Put them in the refrigerator for about a minute , shake out into a deli cup what you need then feed . They thaw rather quickly so be quick about it .


----------



## Bill S (Nov 11, 2009)

I've set up a bunch of fruit fly cultures in small bottles (Starbuck's coffee bottles).  I bought the media from a commercial online source, and haven't had much problem with mold.  I modified the lids of the jars by cutting a small hole in the center, and I plug this hole with a piece of foam rubber.  To get a few flies out I tap the bottle a few times and remove the foam.  Place an inverted vial over the hole, and the flies climb up into the vial.  When you've got enough, plug the hole again.  

My wife has a slightly different approach.  She taps the bottle a couple times to get most of the flies away from the lid, removes the lid and taps the first flies to emerge onto the counter.  Replace the lid, capture the few escaped flies by placing inverted vials over them.  The flies almost always climb quickly up into the vials, and it's easy to tap the vials and dump the flies into the spider container.

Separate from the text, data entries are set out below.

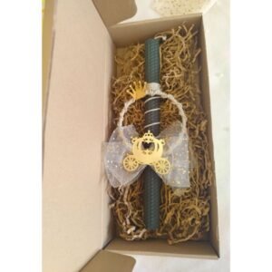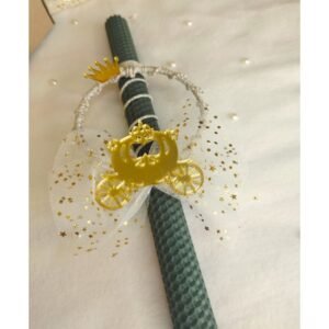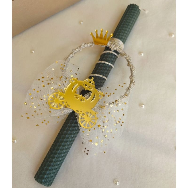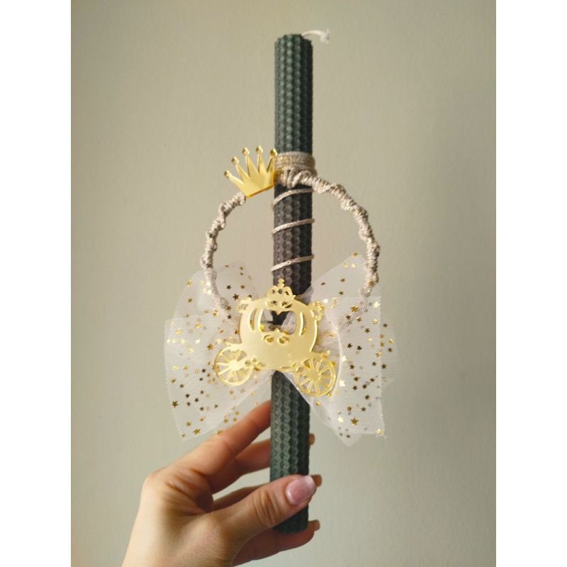 Η λαμπάδα είναι κατασκευασμένη από μελισσοκέρι με ένα εντυπωσιακό διακοσμητικό στοιχείο από πλεξιγκλάς σε σχήμα άμαξας, που χαρίζει ένα παραμυθένιο και παιχνιδιάρικο ύφος.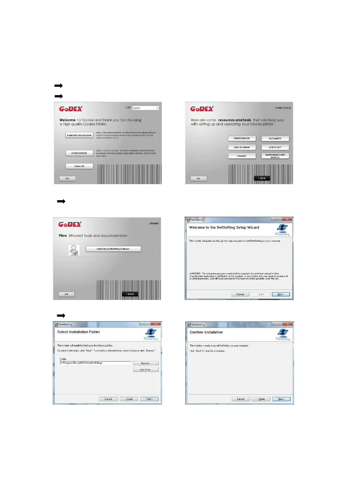 Ste p.03 C lic k "Insta ll Ethe rne t Ne tSe tting So ftwa re ", insta lla tio n sc re e n a s rig ht d ia g ra m, c lic k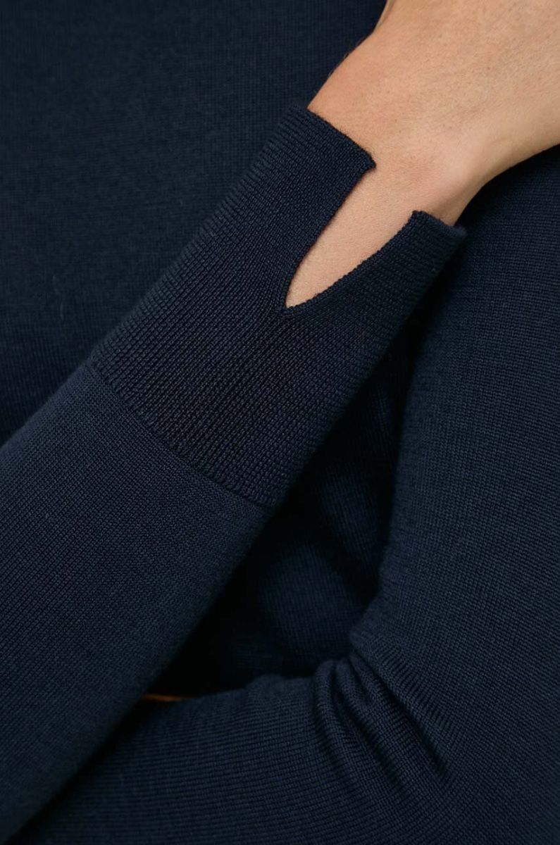 Вовняний светр BOSS жіночий легкий гольф колір темно-синій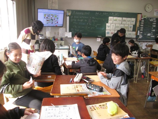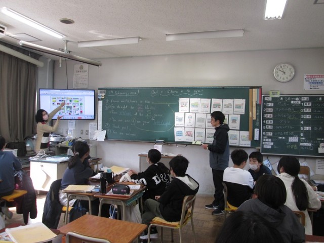 5年1組は英語「Where is the gym?」の学習です。地図上で自分の行きたい場所を伝え、英語で道案内をするという学習です。上手に伝えて、目的地にたどり着くことができたかな?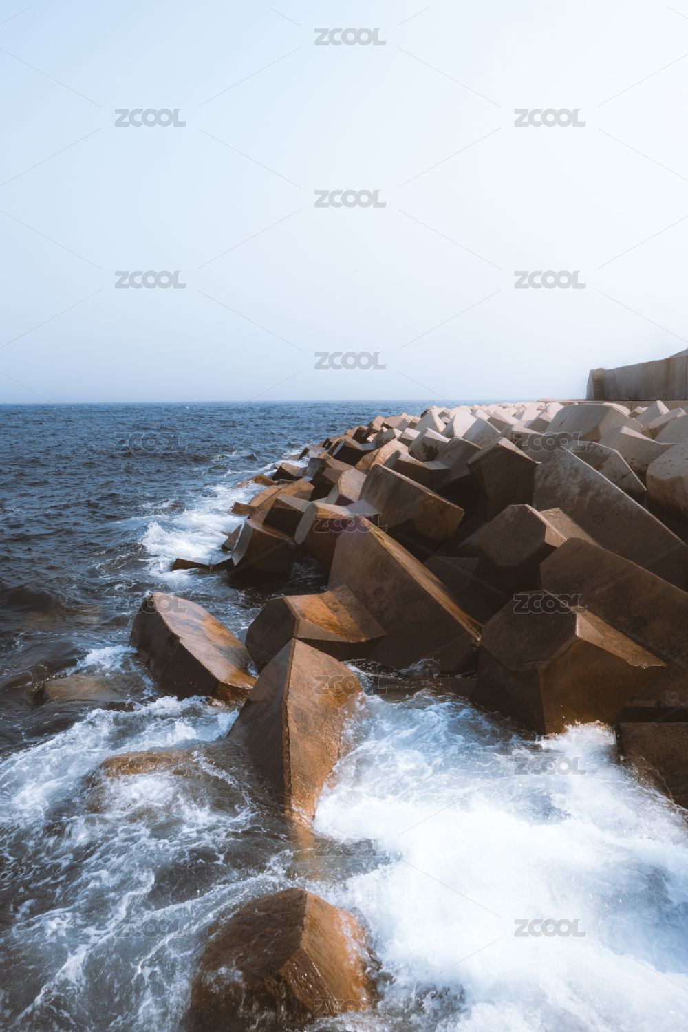 夢幻海浪沖刷防波石治愈海景壁紙背景素材

This is all with the flightless _D. hydei_ flies.  Flying _D. melanogaster_ is a different story.  Stick the bottle in the refrigerator until they deactivate.  Tap the bottle a couple times to get them to let go of the lid, then open the bottle and dump a few flies into whatever container you want them in.  Or even just hold the lid of the fly bottle over the spider container and tap it a couple times to drop the few that always remain clinging to the lid.


----------



## Venari (Nov 13, 2009)

Same topic, different question:  When it's time to clean out the container( ie moldy media, soggy tissue/coffee liner) what's the best way to move all of the live fruitflies to a new container, which has fresh media and tissue?  I've been doing this outdoors, basically just opening both containers, and "pouring" the flies into the new container.


----------



## JC (Nov 14, 2009)

Venari said:


> Same topic, different question:  When it's time to clean out the container( ie moldy media, soggy tissue/coffee liner) what's the best way to move all of the live fruitflies to a new container, which has fresh media and tissue?  I've been doing this outdoors, basically just opening both containers, and "pouring" the flies into the new container.


Your not supposed to clean out fruit fly containers, you just pour some flies into a new container to start a new colony.

I really don't understand the escaping problem you guys are talking about. I have 1000+ and I don't have any escapees. You need a tall enough container so that all of them don't come up at when you open the lid. Bang the top before opening, and dump which ever ones come out into an climb-proof container. 

These guys really aren't all that nasty, and they are defiantly cleaner than roaches and crickets. It all depends on the type of medium you use.


----------



## Bill S (Nov 14, 2009)

Venari said:


> Same topic, different question:  When it's time to clean out the container( ie moldy media, soggy tissue/coffee liner) what's the best way to move all of the live fruitflies to a new container, which has fresh media and tissue?  I've been doing this outdoors, basically just opening both containers, and "pouring" the flies into the new container.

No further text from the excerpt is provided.